Opposite Moore, Birney brings an unexpected lightness of touch to Hank, who is quick to smile and laugh in Aaron’s company. There is a gentle, avuncular quality to him that makes what he confesses to all the more troubling. We cannot simply brand this man as a monster, despite what he has done in his past being monstrous. In committing to creating such a fully realized portrait, Tuttle and Birney force us to face the complexity and potential for darkness in human nature. In a sign of truly first-rate acting, both performers are just as powerful and engaging when actively listening as they are when they’re doing the talking, with editor Zach Clark knowing just the right moment to switch between protagonists as we become immersed in their thoughts.

Kieron Moore and Reed Birney in Blue Film. Courtesy of Obscured Releasing.

Likely to have stoked some controversy in any case, at a time when some loud conservative politicians and commentators have invoked hateful rhetoric that attempts to label all LGBTQ+ people as “groomers”, the centering of a pedophile character in this simmering two-hander brings an increased element of danger and taboo-busting. Rather than adding any fuel to that fire, the film’s depiction of this deeply flawed individual in fact serves as a rebuke to that willful mischaracterization of our community.

Although Tuttle never holds back in the sex scenes, Blue Film is transgressive and subversive not so much in its imagery, but in its non-judgmental lens. Hank certainly isn’t excused for his behaviour or framed sympathetically, just as he says he doesn’t excuse himself, but he is allowed to speak freely. At one point, he even shares how the boy he attempted to assault looked through his eyes. Tuttle treats his audience with respect, as adults, allowing us to be suitably uncomfortable, unmoored by authorial commentary, leaving the judging to the characters themselves, and to us.

Kieron Moore in Blue Film. Courtesy of Obscured Releasing.

What makes Tuttle’s writing so impressive is that despite the film’s action transpiring over just hours, through what these characters divulge about themselves we get an insight into many years of their lives. Along with the ideas that they have been tormented by or attempted to reassure or comfort themselves with. Like Hank framing his urges historically as he discusses the socially accepted pederasty of ancient Rome.
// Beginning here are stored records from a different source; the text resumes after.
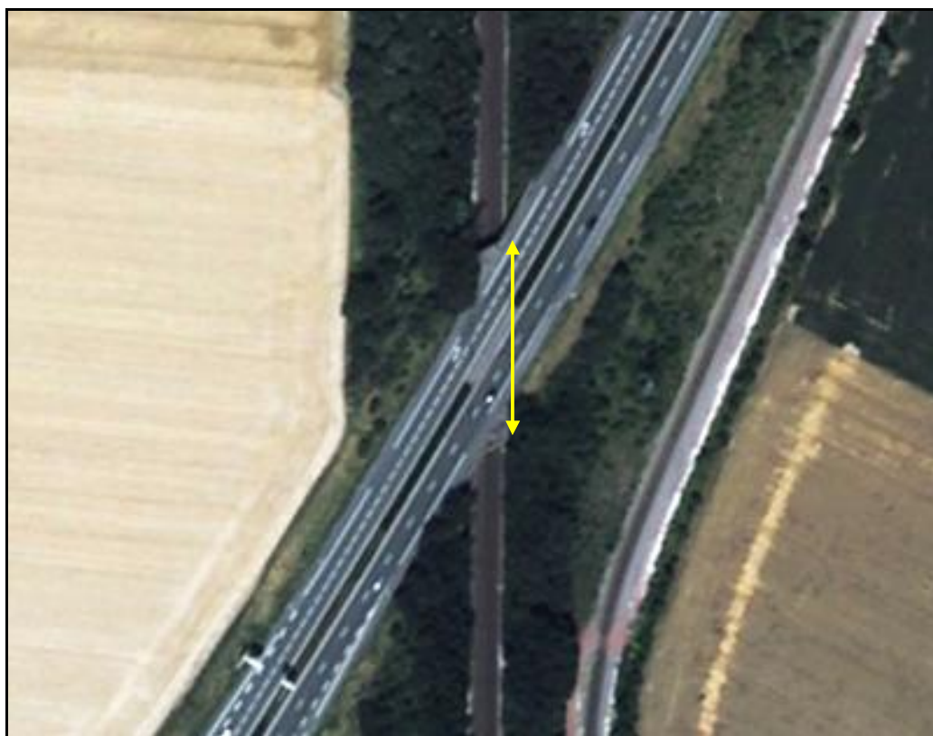
Vue aérienne de la galerie de Hordain

Si cette fiche comporte des erreurs ou des oublis, merci de nous le signaler.
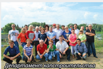
Департамент капитального строительства
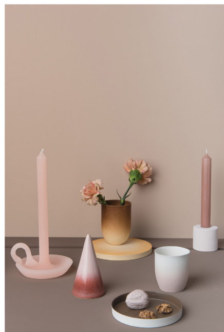
BLOO_New African 18.jpg

Terms and Conditions apply, copyright @ Suzanne Paap, BloomInspiration.
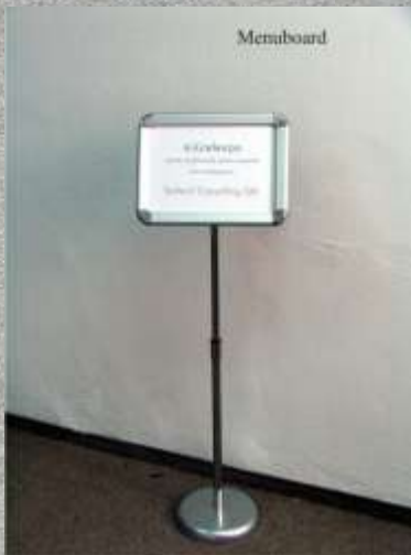
Cod produs: AF100 / AF101 Cantitate: 1 buc.
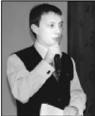
Г. Урусова.

- Каждый из тех, кто решил принять участие в этом конкурсе, отчаялся выйти на эту сцену, уже может считать себя победителем, - сказал, открывая мероприятие,
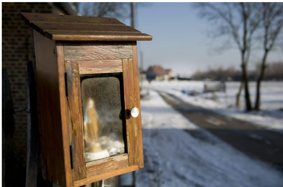
Zullen plattelandsgemeenten ook baat hebben bij de decentralisatie?

Wat? Als schaalvergroting, en dus fusies, uitkomst moeten bieden om tot meer middelen voor de gemeentes te komen, dan zijn we nog ver van huis.
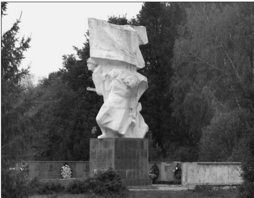
Курган Славы с памятником Подольским курсантам. Пос. Ильинское, Калужская область

17 октября командный пункт подольских курсантов был перемещен в Лукьяново. Еще в течение двух дней мальчишки обороняли Лукьяново и Кудиново. В этот день вечером 17 танков противника проскочили на Малоярославец через Черкасово. «Вести борьбу с танками нам было нечем, – свидетельствуют курсанты. – Командование полка решило пропустить танки, а пехоту задержать. Бутылок с КС и керосином у нас не было. Пехоту мы задержали и оттеснили в Черкасово. Танки прошли в Малоярославец и через некоторое время стали проходить обратно». Когда были обнаружены 40 бутылок с КС, тут же организовали группу подрывников. Первый танк удалось повредить при помощи связки гранат, однако все бутылки были брошены неудачно... Все же немцы ушли, утащив за собой на буксире поврежденный танк.
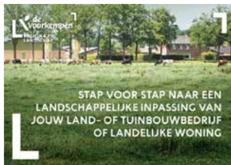
De brochure kan je downloaden via www.rldde-voorkempen.be .

Samen met de gemeenten Brecht, Essen, Kalmthout en Wuustwezel ontwikkelden we een nieuwe methodiek om landbouwbedrijven beter te integreren in het landschap. De methodiek is ook hanteerbaar voor particulieren die landelijk wonen. Tussen 2016 en 2018 werden 27 adviezen en plannen opgemaakt.
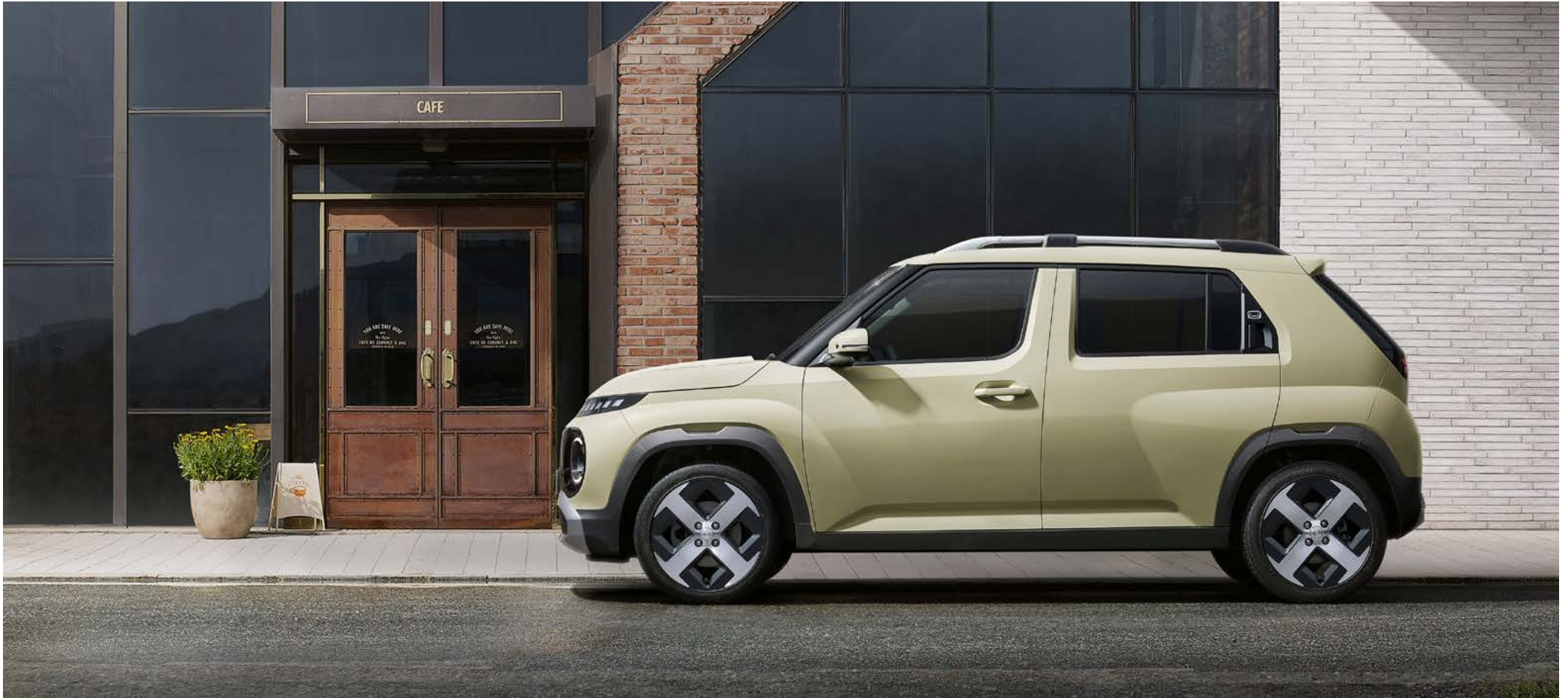
인스퍼레이션(외장 컬러 : 버터크림 옐로우 펄)

길어진 휠베이스와 견고한 바디에 적용된 휠 디자인은 당당함을 강조합니다.
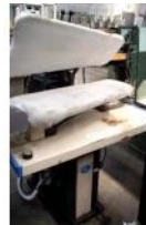
Referencia: CUM-024 PLANCHA INDUSTRIAL Año: . Marca: PANTEX
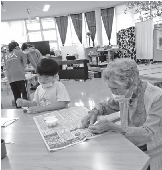
七夕飾りで保育園との交流（社協）

Q 事業者誘致の目的は。 A 村長 70床の特養と10床のショートステイ。リハビリ特化型の通所介護、訪問介護、訪問看護で在宅サービスをする。
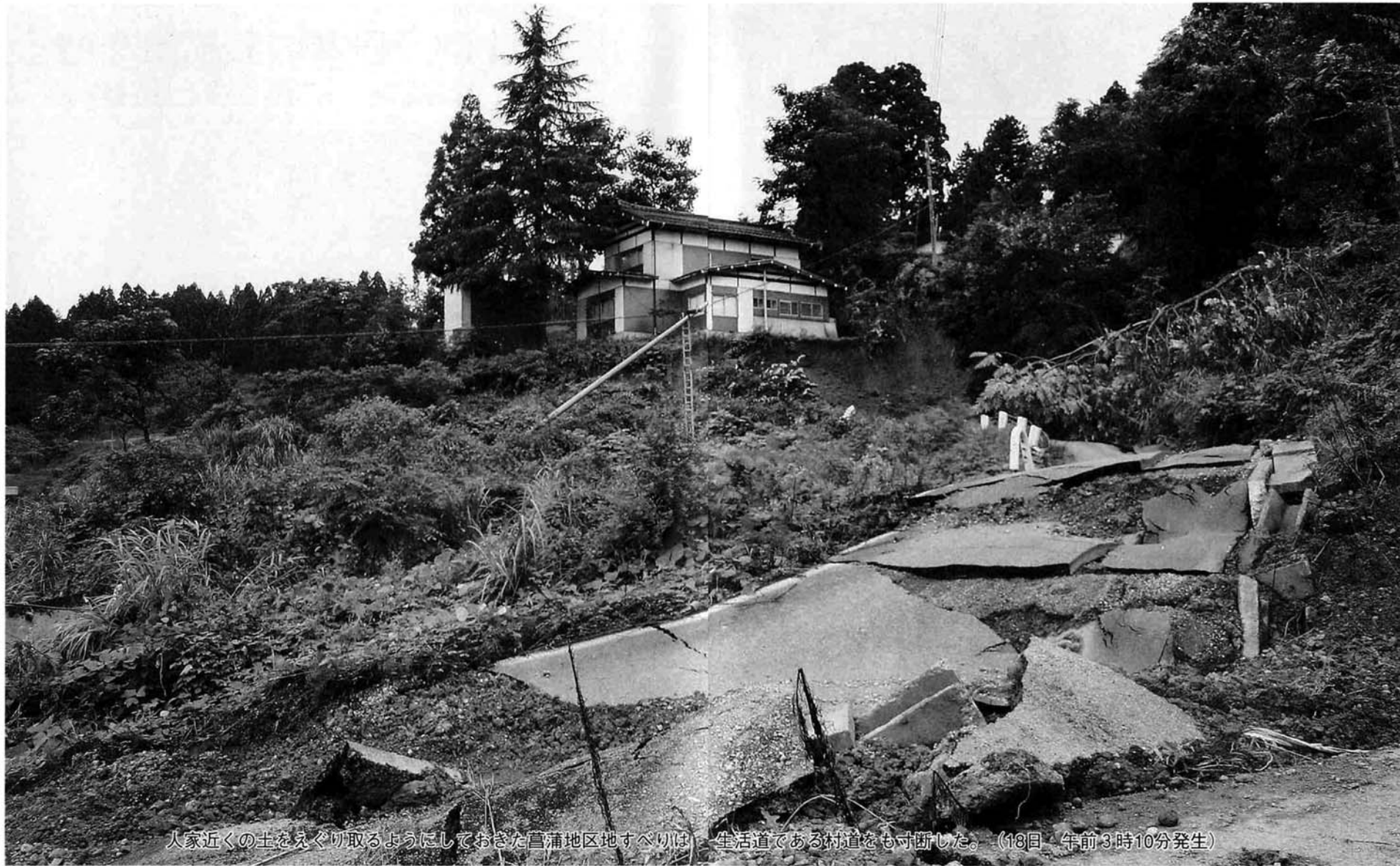
人家近くの土をえぐり取るようにしておきた菖蒲地区地すべりは生活道である村道をも寸断した。(18日 午前3時10分発生)

農地や農道・村道などの土砂崩れのほか養鯉池などの土手が崩れ錦鯉が流失する被害も起き、種芋原地区では川が氾濫し周辺の水田が浸水しました。水が引いた後も流木等の漂着物や土砂などが残り秋の収穫に影響をもたらす事が懸念されます。
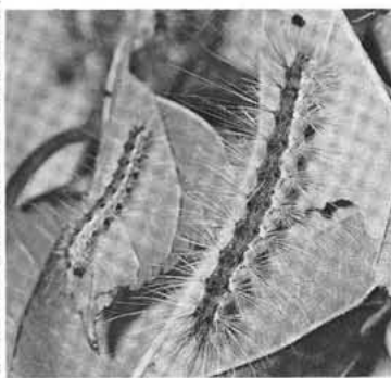
終令(7令) 幼虫による被害

なお、病虫害発生予察情報の提供(テレホンサービス・三三二一八三三三)を行っております。
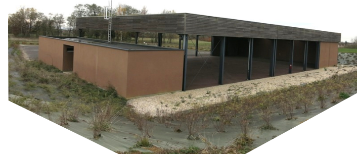
un espace ouvert
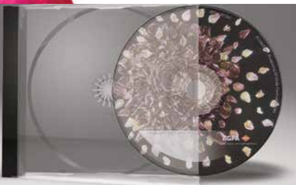
Stampa su oggetti

Given the inner turmoil of these characters, creating a dark and brooding look might have been the expected move, instead cinematographer Ryan Jackson-Healy delivers beautifully composed and lit shots that make the film ravishing, drawing us in while some of the subject matter repels us. As we become engrossed in Aaron and Hank’s intimate exchange, Tuttle continually unsettles us as he interrupts the flow, intercutting with home video of an unselfconscious young child (we assume to be Aaron), along with footage from the digital camera Hank is using, and eventually the crisp visuals of the main thrust of the film give way to a lowfi bootleg video quality; creating a layered visual language of surveillance.

Reed Birney and Kieron Moore in Blue Film. Courtesy of Obscured Releasing.

As the characters discuss the spirituality of their perversions, the visuals build to a transcendent scene as the screen is bathed in blue light, literally becoming a blue film. It is a typically gutsy move by the filmmaker that really pays off. While Art director Marley Sall makes an impact with a striking colour palette of deep blues and reds. Also among the film’s strengths is composer Isaac Eiger’s exquisitely disquieting electronic score, used sparingly to establish a moody soundscape. Generally more tonal sounds than traditional film music, its effect put me in mind of some of Angelo Badalamenti’s more paired down themes.

Playing out like a mutual therapy session, it is not only what is spoken but also what remans unsaid that lingers and keeps us involved in and unnerved by these indelible characters long after the end credits have rolled. I was also left eager to see Tuttle’s next move.

By James Kleinmann

Blue Film opens in New York and Los Angeles on Friday, May 8th, 2026 from Obscured Releasing expanding from Friday, May 15th. Filmmaker and actor Q&As at select screenings at IFC Center and Landmark Sunset.